Items from a data source
· · · · · · ·

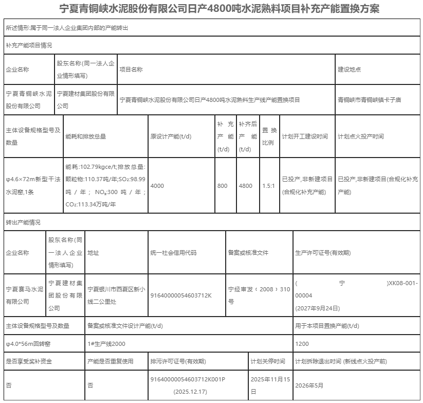 2.宁夏赛马水泥上述生产线剩余1200t/d熟料产能用于补充宁夏青铜峡水泥一条4000t/d熟料线,补充后产能4800t/d,置换比例1.5:1。
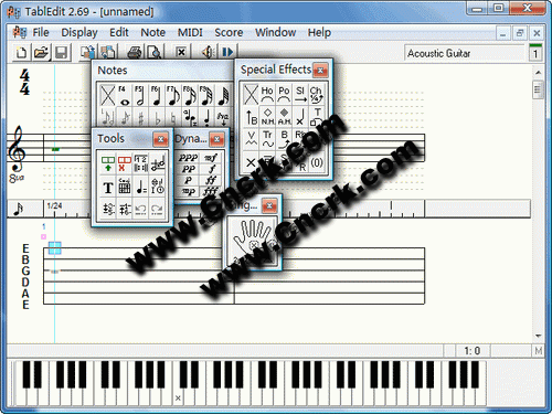曲譜編寫軟件,可以六線譜和五線譜互相對(duì)照的,可以一次完成一份五線譜和六線譜,也可以直接導(dǎo)入midi音樂文件。
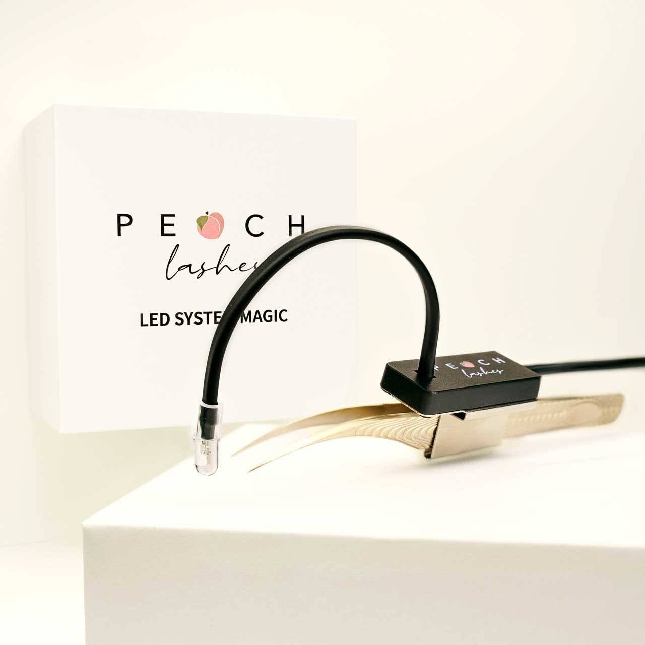 Der PEACH LED-Aufsatz wurde speziell für professionelle Wimpernstylist*innen entwickelt, die mit LED-Systemen auf dem neuesten Stand arbeiten möchten. Direkt an der Pinzette befestigt, liefert er weiches violettes Licht, das genau dort aushärtet, wo du arbeitest – ohne zu blenden, ohne die Haut zu reizen
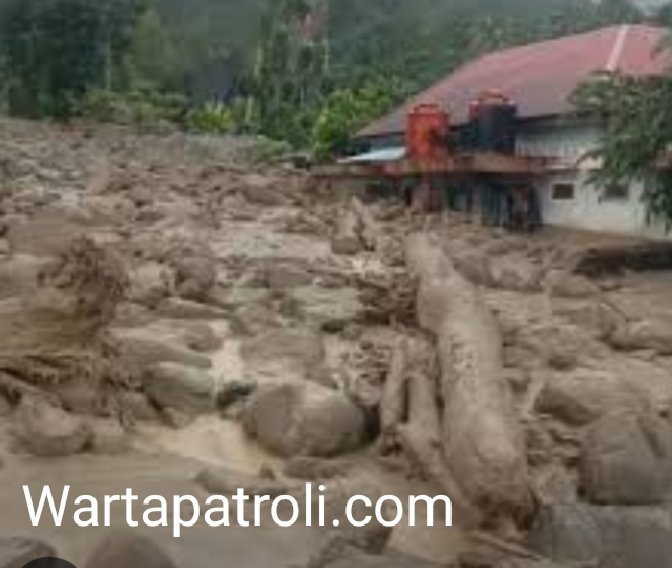 Agam, Wartapatroli.com – Banjir Bandang (Galodo-ref) kembali menerjang kawasan Maninjau, Kecamatan Tanjung Raya, Kabupaten Agam, tepat di malam pergantian Tahun Baru 2026, Rabu (31/12). Aliran Sungai Batang Muaro Pisang meluap secara tiba-tiba sekitar pukul 22.10 WIB, membawa material lumpur, batu, dan kayu dalam jumlah besar hingga menghantam permukiman warga serta menutup total akses jalan strategis Lubuk Basung–Bukittinggi.
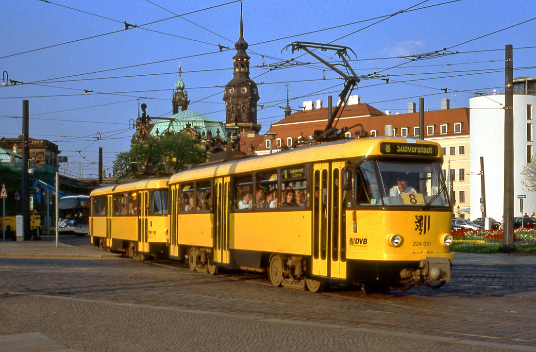 Der 24. sanierte und modernisierte B-Wagen 2408 (ex 2108) befindet sich im Liniendienst. Hier zusammen mit 2302 als Linie 5 auf der Kreuzung Margaretastraße/Rochusstraße am 23.07.2020.
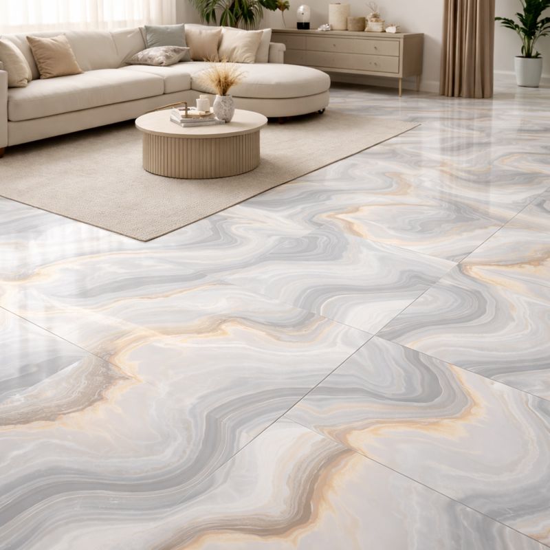 يُعزز السطح اللامع نقش الرخام ويمنح مظهرًا أنيقًا وبسيطًا. كما يُساهم انعكاس الضوء في تحسين الإضاءة العامة في المساحات الداخلية. وتُضفي هذه اللمسة النهائية مظهرًا متناسقًا واحترافيًا على المساحات الكبيرة.
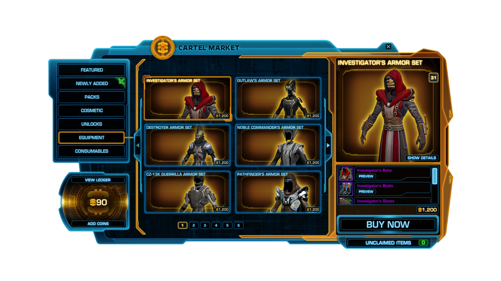 I'm not too sure if I like so many items being strictly random access via the Cartel Packs. I guess we're all going to end up with 5 or 6 mounts we never use, or we'll be able to sell the items on the Galactic Trade Market for inagme credits. I didn't experience any duplicate items in all the packs I bought, but I'm sure that it will happen for some unlucky players unless Bioware have the randomness well planned.
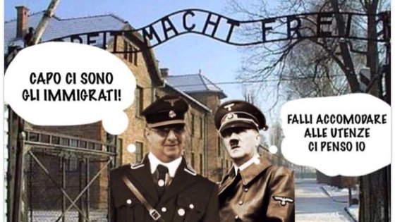L’immagine shock su FB condivisa su Facebook da Daria Katarzyna Janik, cittadina polacca e presidente del comitato “Giù le mani dalla Montello”. Si tratta di un gruppo di residenti della zona di piazza Firenze a Milano che si oppone all’annunciato arrivo di 300 profughi che saranno ospitati in via temporanea nella caserma Montello. Nel fotomontaggio, si vede un gerarca nazista che, di fronte all’ingresso di un campo di sterminio, rivolgendosi a Hitler dice: “Capo, ci sono gli immigrati”. Il dittatore risponde: “Falli accomodare, alle utenze ci penso io”, con chiaro riferimento alle camere a gas. A denunciare la comparsa dell’immagine in rete sono gruppi democratici del quartiere, fra cui Anpi del Municipio 8, che da settimane denunciano “il diffondersi di un clima razzista nella zona”.
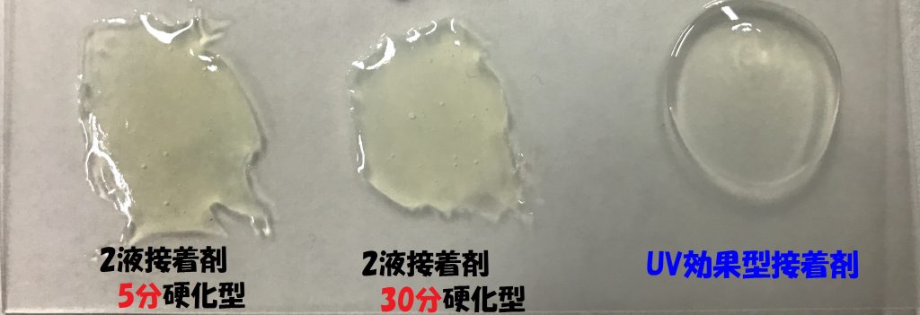 2液接着剤とUV硬化型では出来上がりが大きく違います。

· · · · · · ·

**What the task asks**
What you give back must match the lines from the start of the records through the line that contains "Der PEACH LED-Aufsatz", exactly, with the pictures left out.

**Written response**
 2.宁夏赛马水泥上述生产线剩余1200t/d熟料产能用于补充宁夏青铜峡水泥一条4000t/d熟料线,补充后产能4800t/d,置换比例1.5:1。
曲譜編寫軟件,可以六線譜和五線譜互相對(duì)照的,可以一次完成一份五線譜和六線譜,也可以直接導(dǎo)入midi音樂文件。
 Der PEACH LED-Aufsatz wurde speziell für professionelle Wimpernstylist*innen entwickelt, die mit LED-Systemen auf dem neuesten Stand arbeiten möchten. Direkt an der Pinzette befestigt, liefert er weiches violettes Licht, das genau dort aushärtet, wo du arbeitest – ohne zu blenden, ohne die Haut zu reizen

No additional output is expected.